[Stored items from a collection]
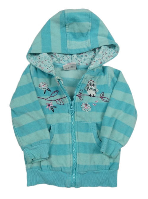 Tyrkysová pruhovaná fleecová propínací mikina se sovou a kapucí Topolino
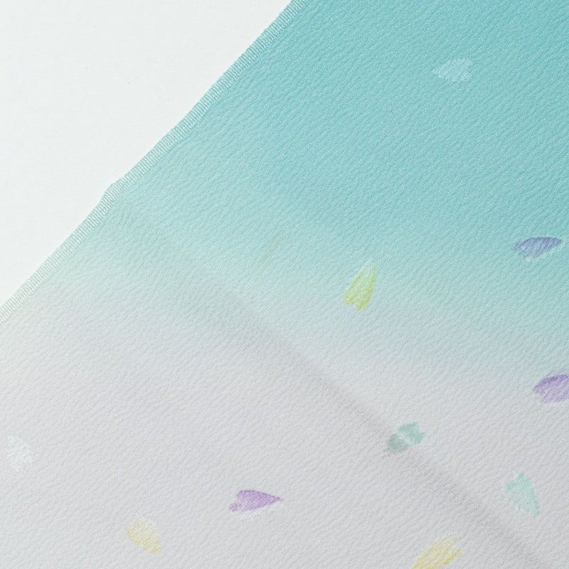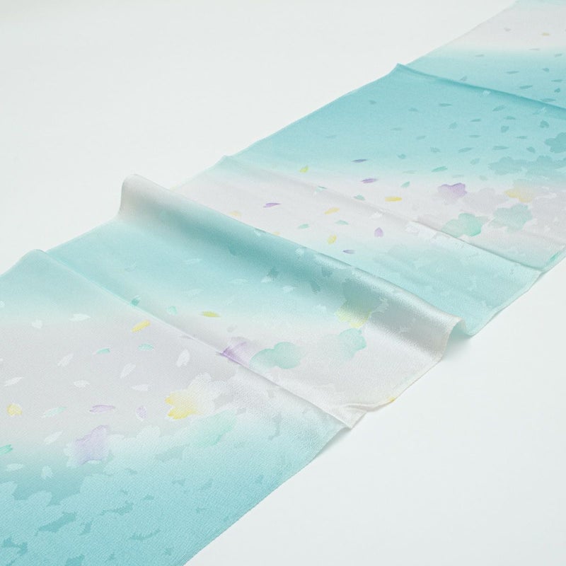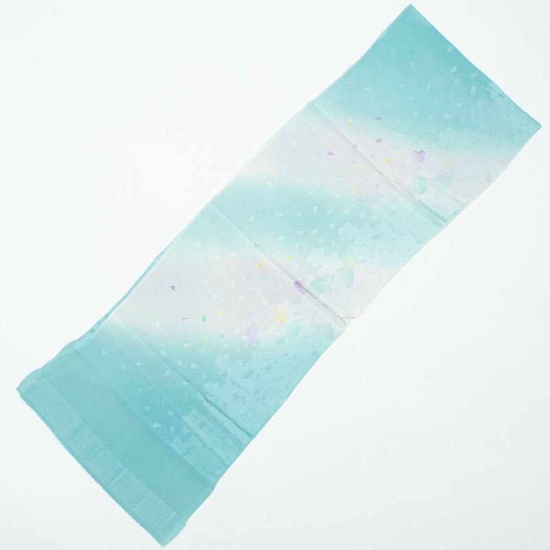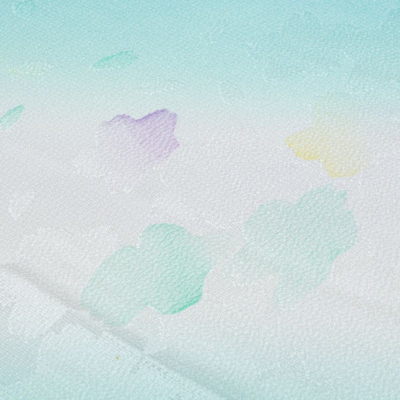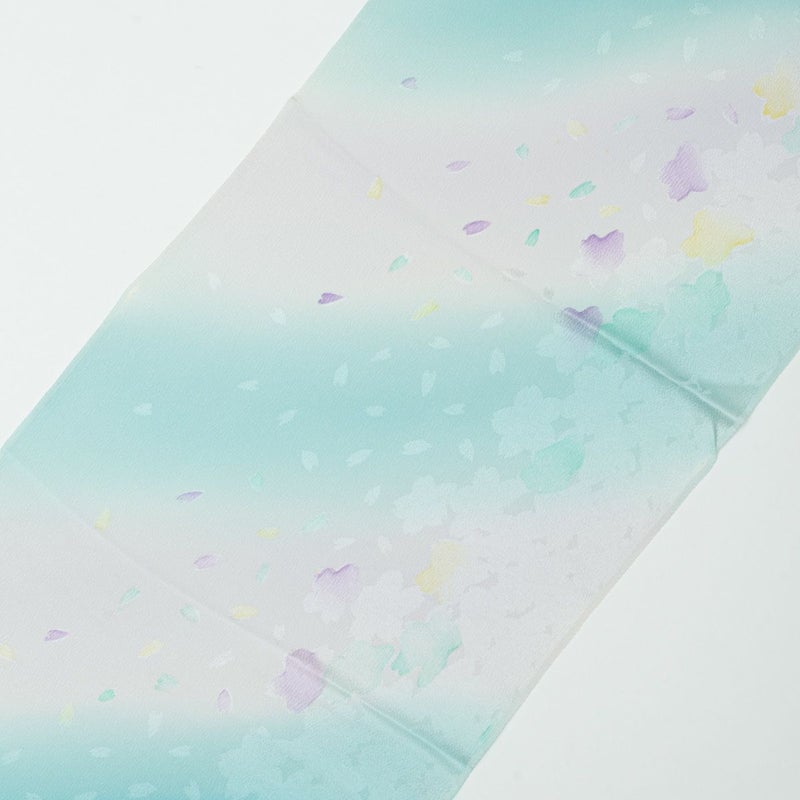 「 帯揚げ 桜の花と花びらの図 暈し 地紋起こし 薄浅葱色 白菫色 マルチカラー 正絹」です。
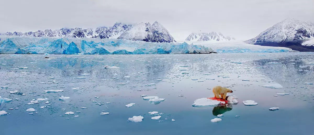 «Jeg har møtt mange isbjørner i det store, iskalde arktiske landskapet. Men denne bjørnen var i de mest fantastiske omgivelsene jeg noen gang hadde sett», sier Pål Hermansen om sitt fotografiske panorama fra Svalbard i 2005. Han fanget motivet fra et lite ekspedisjonsskip, som gled forbi bare 15 meter fra der bjørnen inntok sin frokost på et isflak.
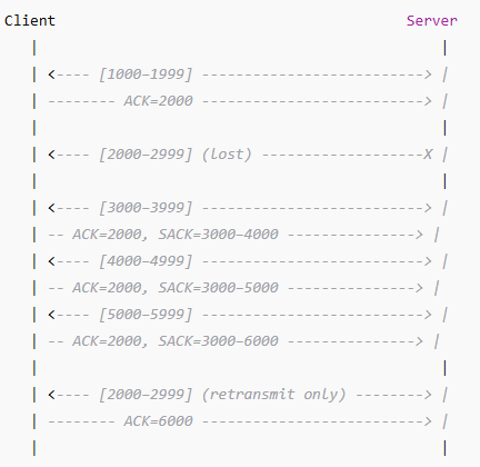 Receiver tells sender exactly which blocks of data were received successfully (e.g., “I have bytes 1000–2000 and 3000–4000, but I’m missing 2000–3000”).
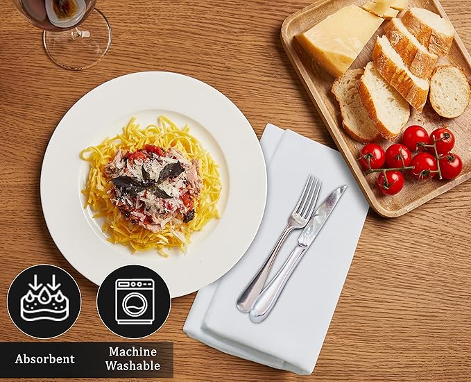 Ruvanti Cloth Napkins set of 12, 18x18 Inches Napkins Cloth Washable, Soft, Durable, Absorbent, Cotton Blend. Table Dinner Napkins Cloth for Hotel, Lunch, Restaurant, Weddings, Events, Parties - White
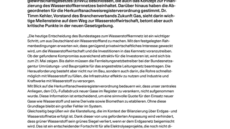 In seiner heutigen Sitzung hat der Deutsche Bundestag die Novelle des Energiewirtschaftsgesetzes (EnWG) beschlossen, die auch das Konzept zur Finanzierung des Wasserstoffkernnetzes beinhaltet. Darüber hinaus haben die Abgeordneten für die Herkunftsnachweisregisterverordnung gestimmt. Dr. Timm Kehler, Vorstand des Branchenverbands Zukunft Gas, sieht darin wichtige Meilensteine auf dem Weg zur Wasserstoffwirtschaft, betont aber auch kritische Punkte in der neuen Gesetzgebung.
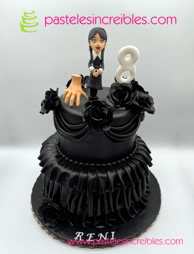 - Pastel de Fondant de Merlina de los Locos Adams y Dedos.
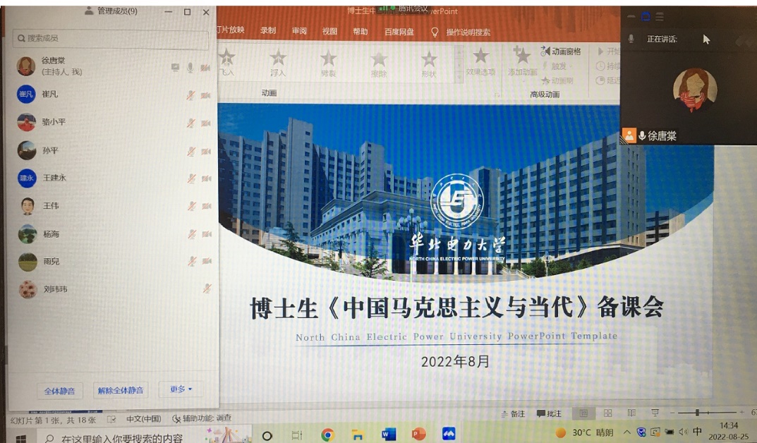 2022年8月24日、8月25日,leyu乐鱼官方网站研究生思政课教研室分别召开了《新时代中国特色社会主义理论与实践》、《中国马克思主义与当代》两门课程的备课会,马院党总支孙平书记,王伟院长和全体教研室教师参加会议,会议以线上形式举行。
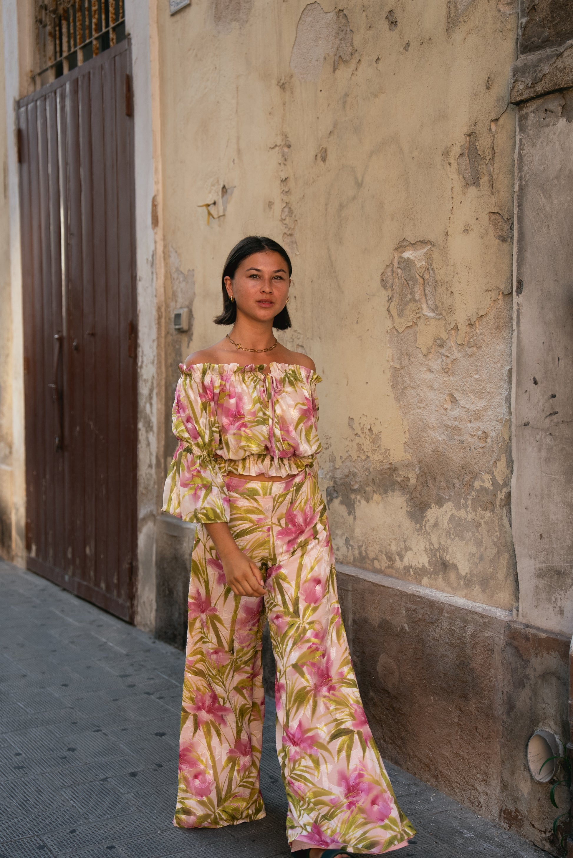 Ce top Jasmine est smocké aux épaules et à la taille. Se pose parfaitement sur un pantalon taille haute.
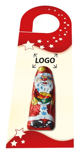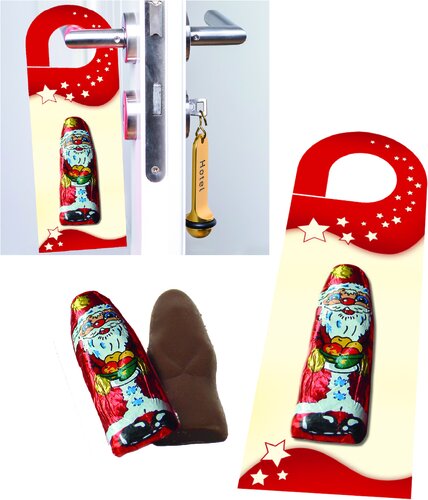 Eine kleine süße weihnachtliche Überraschung für Ihre Gäste. Mit diesem Schokoladen-Weihnachtsmann zaubern Sie mit Sicherheit ein Lächeln auf das Gesicht Ihrer Gäste, wenn diese die süße Überraschung an ihrer Tür vorfinden. Platz für den Werbedruck ist auf dem Standardmotiv oder eine eigene Gestaltung des Türanhängers, jeweils bereits ab 250 Stück.
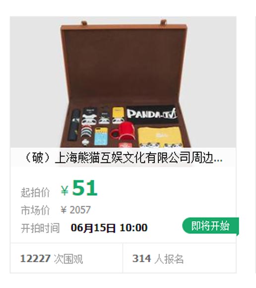 6月3日,上海熊猫互娱文化有限公司在阿里拍卖上线了一批福袋等拍品,起拍价51元起。据悉,此次拍卖所得款项将用于公司破产清算。
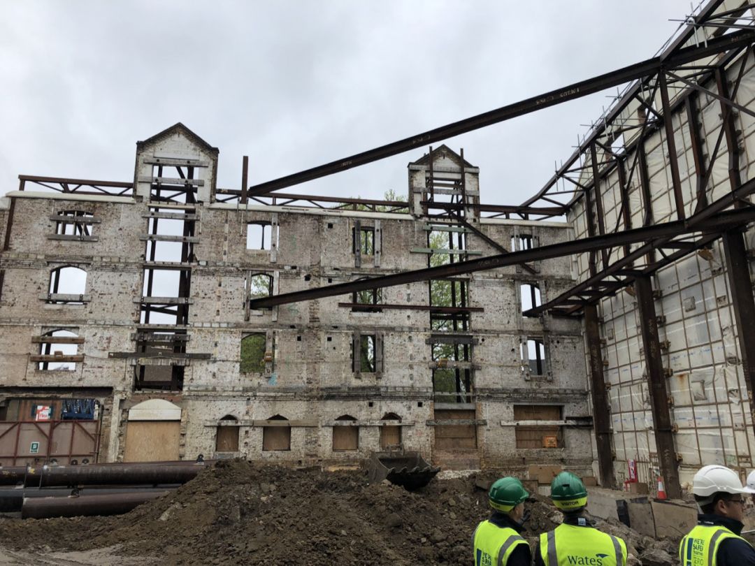 办公室大楼保留了几面年代久远的仓库外墙,并使用辅助钢架来支撑砖石外层,再将其合并至 TOG 的新办公集团大楼。

> **Goal of the exercise**
From the line containing "Eine kleine süße" through the end of the entries, quote each line exactly and nothing else, excluding all pictures.

> **Answer to the problem**
 Eine kleine süße weihnachtliche Überraschung für Ihre Gäste. Mit diesem Schokoladen-Weihnachtsmann zaubern Sie mit Sicherheit ein Lächeln auf das Gesicht Ihrer Gäste, wenn diese die süße Überraschung an ihrer Tür vorfinden. Platz für den Werbedruck ist auf dem Standardmotiv oder eine eigene Gestaltung des Türanhängers, jeweils bereits ab 250 Stück.
 6月3日,上海熊猫互娱文化有限公司在阿里拍卖上线了一批福袋等拍品,起拍价51元起。据悉,此次拍卖所得款项将用于公司破产清算。
 办公室大楼保留了几面年代久远的仓库外墙,并使用辅助钢架来支撑砖石外层,再将其合并至 TOG 的新办公集团大楼。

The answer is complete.